— RECORDS FOR THE TASK —
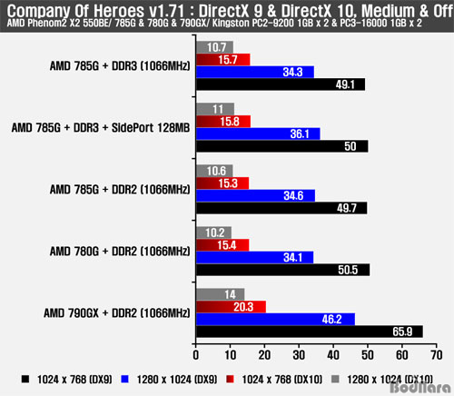 1.71 ¹öÀüÀ¸·Î ÁøÇàÇßÀ¸¸ç, DirectX9¿Í 10 ȯ°æ, ±×¸®°í ±×·¡ÇÈ ¿É¼ÇÀº ¹Ìµð¾ö ¶Ç´Â Off·Î ÅëÀÏÇß´Ù. COHÀÇ Å×½ºÆ® °á°ú 785G DDR2/ DDR3, 780G DDR2 Á¶ÇÕ °£ÀÇ
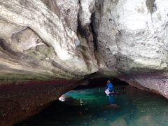 高校生の娘を連れて夫婦の3人で参加しました。基本を教えてもらい早速実践。洞窟を通り抜けたり、外海の洞窟を訪ねたり、休憩時間には顔をつけると魚が沢山見えました。3時間のアドベンチャー感満載の体験。皆様も透明感のある綺麗な海で楽しんで下さい。
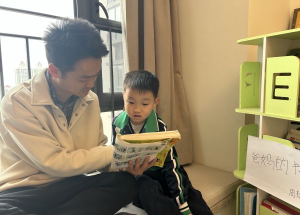 三年前,刚学写字不久的儿子,在闲置旧木柜上贴上“爸妈的书柜”五个不太规范的大字。此后,他常盼着周末父母能从这个书柜拿书,陪他一起阅读分享。一个周末的清晨,阳光洒进屋内,我们坐在飘窗一角,捧起书悠然阅读。儿子阅读的是心爱的《父与子》,他边读边笑,那情形像极了小时候的自己,紧紧依偎在母亲肩膀看父亲手绘漫画册的情景。
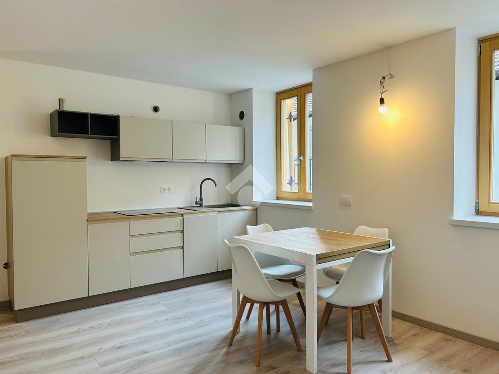 In piccolo contesto in fase di ultimazione proprio in pieno centro, elegante appartamento disposto su tre livelli così composto: a primo piano stanza, ripostiglio, scala per piano secondo con soggiorno-cucina, bagno, scala per piano mansardato con ulteriore stanza e disbrigo. Completa l'unità una cantina a piano terra. Posizione centrale e comoda a tutti i servizi. Posti auto comunali nelle immediate vicinanze. Completamente ristrutturato. Ultimazione lavori: 2025. Agevolazioni fiscali sull'acquisto.
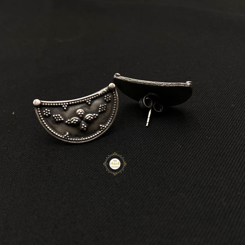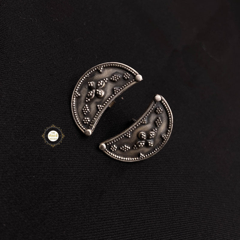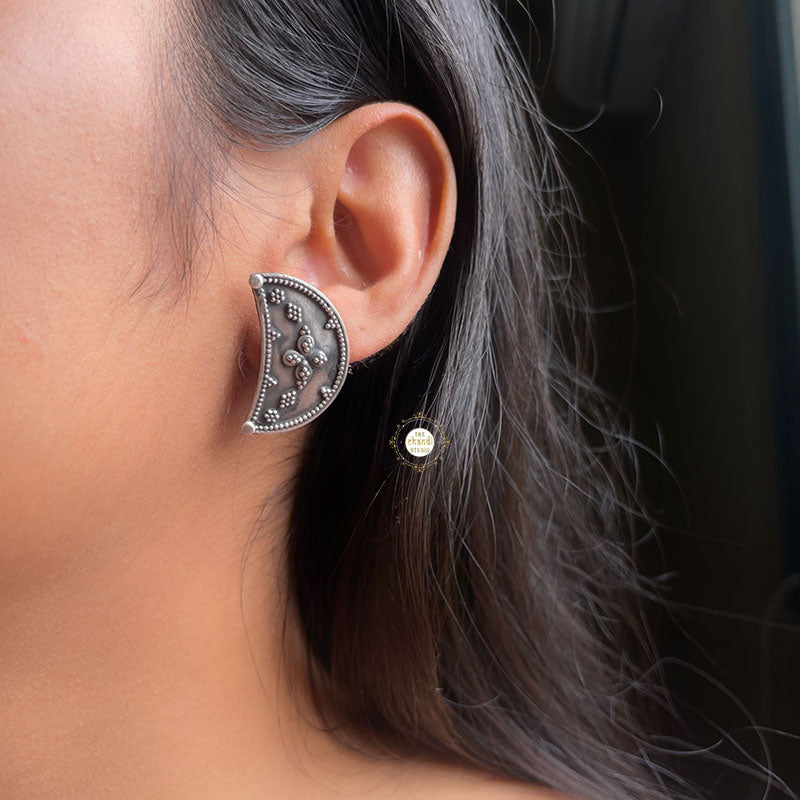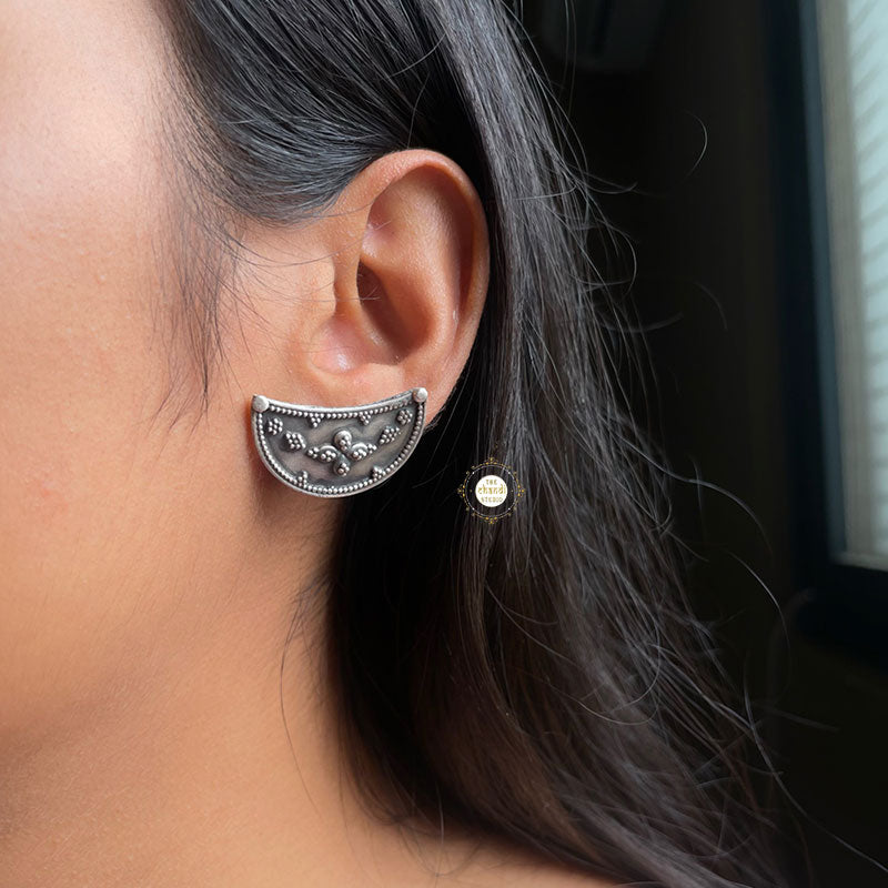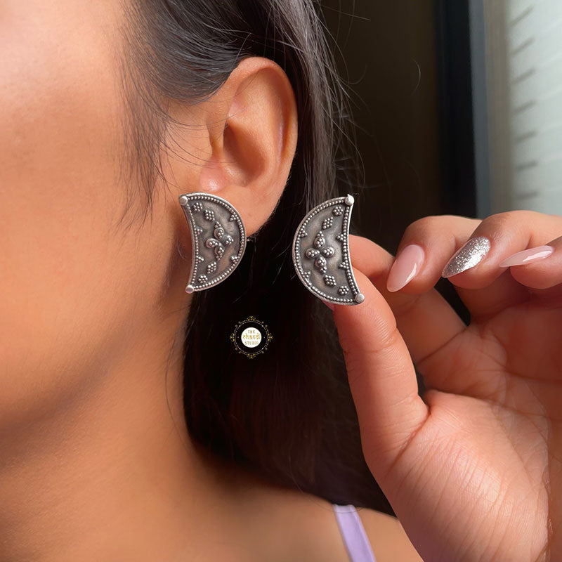 Introducing the epitome of celestial elegance: the Rawa Crescent Moon Earring. Imbued with a sense of mystique and allure, these exquisite earrings are a testament to impeccable craftsmanship and timeless design. Each earring features a delicate crescent moon motif, adorned with intricate silver detailing that shimmers with every movement.

— TASK ITEM —
Reproduce only the lines of the records from the start up to and including the line that holds "三年前,刚学写字不久的儿子,在闲置旧木柜"; do not carry over any picture.

— OUTPUT —
 1.71 ¹öÀüÀ¸·Î ÁøÇàÇßÀ¸¸ç, DirectX9¿Í 10 ȯ°æ, ±×¸®°í ±×·¡ÇÈ ¿É¼ÇÀº ¹Ìµð¾ö ¶Ç´Â Off·Î ÅëÀÏÇß´Ù. COHÀÇ Å×½ºÆ® °á°ú 785G DDR2/ DDR3, 780G DDR2 Á¶ÇÕ °£ÀÇ
 高校生の娘を連れて夫婦の3人で参加しました。基本を教えてもらい早速実践。洞窟を通り抜けたり、外海の洞窟を訪ねたり、休憩時間には顔をつけると魚が沢山見えました。3時間のアドベンチャー感満載の体験。皆様も透明感のある綺麗な海で楽しんで下さい。
 三年前,刚学写字不久的儿子,在闲置旧木柜上贴上“爸妈的书柜”五个不太规范的大字。此后,他常盼着周末父母能从这个书柜拿书,陪他一起阅读分享。一个周末的清晨,阳光洒进屋内,我们坐在飘窗一角,捧起书悠然阅读。儿子阅读的是心爱的《父与子》,他边读边笑,那情形像极了小时候的自己,紧紧依偎在母亲肩膀看父亲手绘漫画册的情景。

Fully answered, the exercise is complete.